ABOUT THIS EXERCISE — In the listing that follows, find the line with "HĐND tỉnh Bắc", then copy exactly from it through the line with "y estadías largas.", leaving out every picture.

=== Begin Enclosure ===

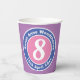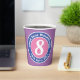 Erinnern Sie sich an einen 8. Geburtstag mit einer Papiertasse, die mit dem Namen des Empfängers, seinem Alter und seinem Geburtsdatum geschmückt ist.
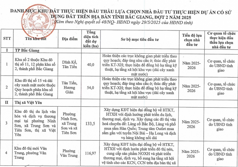 HĐND tỉnh Bắc Giang mới đây đã ban hành Nghị quyết số 48 quyết định danh mục các khu đất thực hiện đấu thầu lựa chọn nhà đầu tư thực hiện dự án đầu tư có sử dụng đất trên địa bàn tỉnh Bắc Giang, đợt 2 năm 2025.
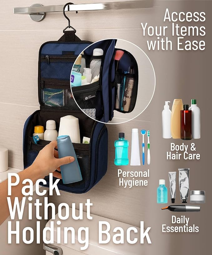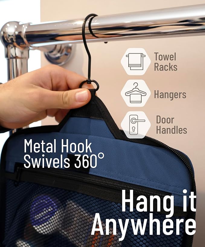 - Convenient Hanging Hook: The XXL metal swivel hook allows you to hang the bag anywhere, saving valuable counter space. It's perfect for use in hotels, bathrooms, or even on a camping trip.
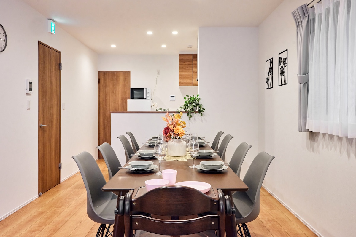 ¡Casa entera de nueva construcción convenientemente cerca de la estación sin traslados desde Haneda y el aeropuerto de Narita! La sala de estar tiene aproximadamente 12 tatami de tamaño, lo que te hace sentir como en casa. Todos los muebles y electrodomésticos son nuevos y de alto rendimiento. La ropa de cama se cambia después de cada limpieza. Hay una secadora de baño, lavavajillas y baño, así como un cuarto de ducha y dos lavabos y 2 lavadoras. Ideal para grupos grandes y estadías largas.
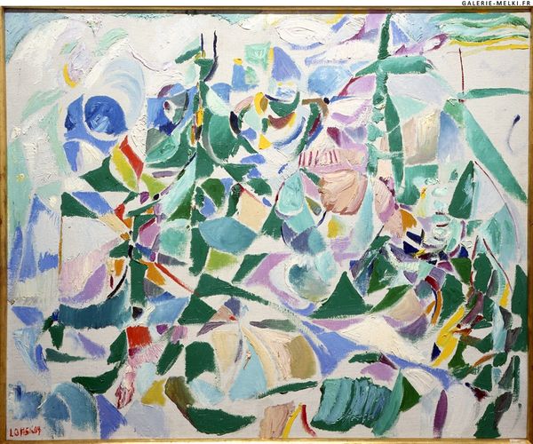 Curator: Tarsila do Amaral created "The Lake" in 1928, using acrylic paint on canvas. It’s a modernist landscape painting currently held in a private collection. Editor: My initial impression is one of almost childlike wonder. The colours are muted yet vibrant, and the forms are so simplified that they feel dreamlike. Curator: Indeed. There's a certain artlessness to the forms. I'm particularly interested in the use of acrylic, allowing her to achieve that flat, matte finish, so distinct from the oil paintings of that period. It's so smooth, giving a machine-like quality, very modern. Editor: I agree. But consider the iconography. That central blue figure, almost swan-like, could represent a deity or spirit overseeing this land. The simplified plants almost seem to possess symbolic meanings beyond mere representation. And I also notice that the use of pink on what appears to be a tree on the right, which provides the touch of vibrancy to the scene and helps to set the theme to almost a childlike setting. Curator: Interesting point. I see a tension between her modern approach to materials and production, like that smooth paint surface. And the work contains social commentary related to her work within the anthropophagy movement in Brazil, that's very much in contradiction with such interpretation, since anthropophagy calls for consuming other's culture. She is literally applying layers on top of each other. Editor: I think the simplified, rounded forms are less about direct critique, but are more to suggest this synthesis through symbolic reduction. I see in "The Lake" the artist is making something universal from very distinct sources and her imagery helps this along. Curator: Perhaps the use of industrial paint allows a certain flattening of experience and culture? I cannot imagine how challenging that would be considering the limited accessibility of paints that this artists, perhaps, could access at that time and what those limited choices implied for production and availability of that supply to other contemporary artists at the time. Editor: I believe you have changed my initial impressions here. Thanks to the cultural materials she chose as an influence and how this would then imply this process of 'flattening', in order to have something consumed or accessible at scale for the modern movement, does say a lot. The forms, colours, the material - they each contribute to something simultaneously innocent and insightful.
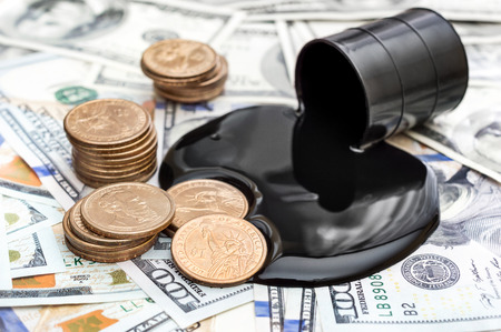 Spilled oil from a barrel on a mirror stud. Packs with dollar bills background
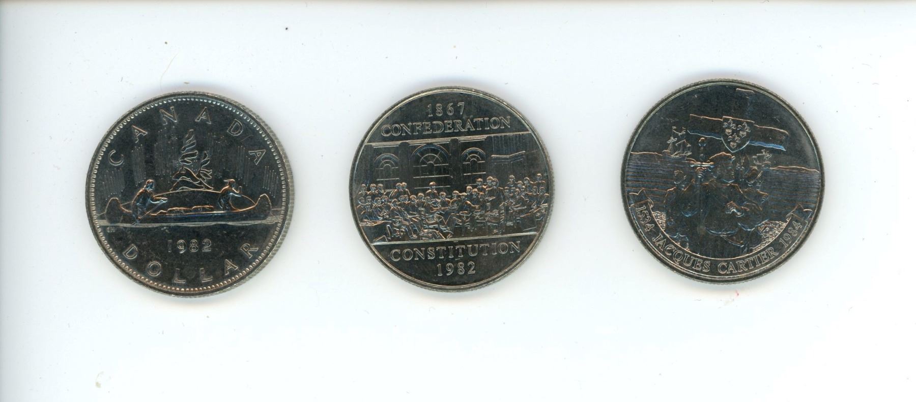 3 X Nickel Canadian Dollars 1 X 82' Confederation, 1 X 84' Jaques Cartier, 1 X Regular)
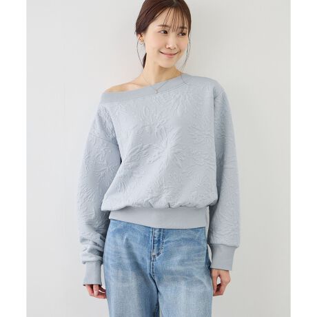 ・女性らしい抜け感を演出するボートネックデザインが魅力。

=== End Enclosure ===

WRITTEN REPLY —
 HĐND tỉnh Bắc Giang mới đây đã ban hành Nghị quyết số 48 quyết định danh mục các khu đất thực hiện đấu thầu lựa chọn nhà đầu tư thực hiện dự án đầu tư có sử dụng đất trên địa bàn tỉnh Bắc Giang, đợt 2 năm 2025.
 - Convenient Hanging Hook: The XXL metal swivel hook allows you to hang the bag anywhere, saving valuable counter space. It's perfect for use in hotels, bathrooms, or even on a camping trip.
 ¡Casa entera de nueva construcción convenientemente cerca de la estación sin traslados desde Haneda y el aeropuerto de Narita! La sala de estar tiene aproximadamente 12 tatami de tamaño, lo que te hace sentir como en casa. Todos los muebles y electrodomésticos son nuevos y de alto rendimiento. La ropa de cama se cambia después de cada limpieza. Hay una secadora de baño, lavavajillas y baño, así como un cuarto de ducha y dos lavabos y 2 lavadoras. Ideal para grupos grandes y estadías largas.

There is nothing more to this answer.